# What you should do:
Print the lines below word for word, beginning with the first and ending with the line that holds "Very beautiful vintage", and skip every picture.

# Supplied records:
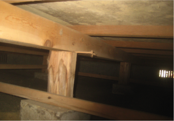 - 16)玄関框(かまち)の被害 / 床下からの蟻道は見られず恐らく玄関土間側かブロック基礎から被害が上がっているものと思われます。
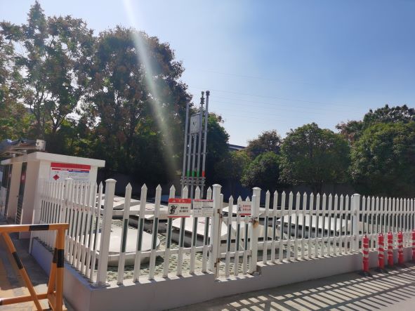 加油區設置加油罩棚,罩棚下設置2臺三油品六槍潛油式加油機(92#、95#、98#)和2臺雙油品四槍加油機(92#、95#和92#、0#);埋地罐區設有3個容量為30m3的92#、95#、98#埋地臥式SF型雙層汽油罐,1個容量為30m3的0#埋地臥式SF型雙層柴油罐,折算后油罐總容積105m3(柴油罐折半計入),依據《汽車加油加氣加氫站技術標準》GB50156-2021第3.0.9條辨識,該站屬于二級加油站。加油站已安裝汽油卸油和加油油氣回收系統。
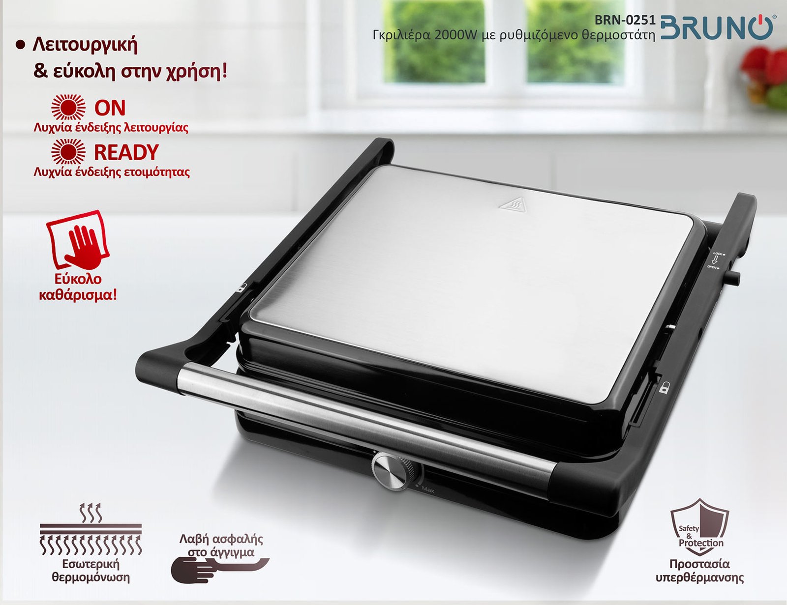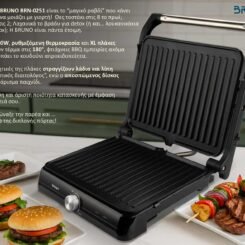 BRUNO γκριλιέρα BRN-0251, 2000W, με ρυθμιζόμενο θερμοστάτη, inox-μαύρη
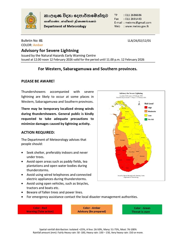 The Department of Meteorology has issued an advisory for severe lightning in the Western, Sabragamuwa, and Southern Provinces today.
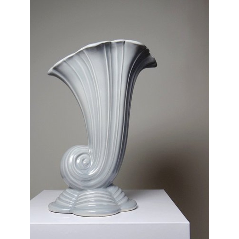 Very beautiful vintage Aegean earthenware vase Made In England, from Royal Winton, Aegean being the name of the “Aegean” model, vintage, 1950s, art deco style, depicting a shell, a wave or a cornucopia with a wide neck. Beautiful blue-gray enameled material, an unusual model in this coloring which gives it a more modern and Shabby chic style. Large model, 27cm maximum height, approximately 17cm maximum width, 6-7cm maximum diameter, 13cm maximum diameter at the base. Very good general condition, nothing notable. Around 800gr-1kg.
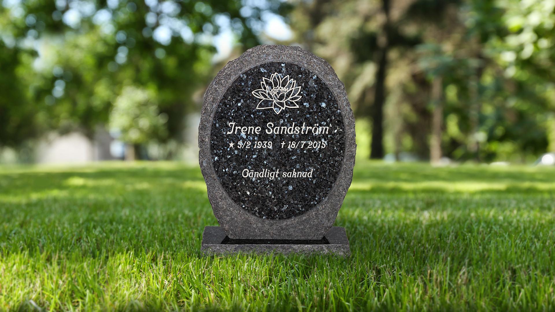 Rundad stående sten med polerad spegel och råhugget kantslag.- Modell: Stående hög

# Your response:
 - 16)玄関框(かまち)の被害 / 床下からの蟻道は見られず恐らく玄関土間側かブロック基礎から被害が上がっているものと思われます。
 加油區設置加油罩棚,罩棚下設置2臺三油品六槍潛油式加油機(92#、95#、98#)和2臺雙油品四槍加油機(92#、95#和92#、0#);埋地罐區設有3個容量為30m3的92#、95#、98#埋地臥式SF型雙層汽油罐,1個容量為30m3的0#埋地臥式SF型雙層柴油罐,折算后油罐總容積105m3(柴油罐折半計入),依據《汽車加油加氣加氫站技術標準》GB50156-2021第3.0.9條辨識,該站屬于二級加油站。加油站已安裝汽油卸油和加油油氣回收系統。
 BRUNO γκριλιέρα BRN-0251, 2000W, με ρυθμιζόμενο θερμοστάτη, inox-μαύρη
 The Department of Meteorology has issued an advisory for severe lightning in the Western, Sabragamuwa, and Southern Provinces today.
 Very beautiful vintage Aegean earthenware vase Made In England, from Royal Winton, Aegean being the name of the “Aegean” model, vintage, 1950s, art deco style, depicting a shell, a wave or a cornucopia with a wide neck. Beautiful blue-gray enameled material, an unusual model in this coloring which gives it a more modern and Shabby chic style. Large model, 27cm maximum height, approximately 17cm maximum width, 6-7cm maximum diameter, 13cm maximum diameter at the base. Very good general condition, nothing notable. Around 800gr-1kg.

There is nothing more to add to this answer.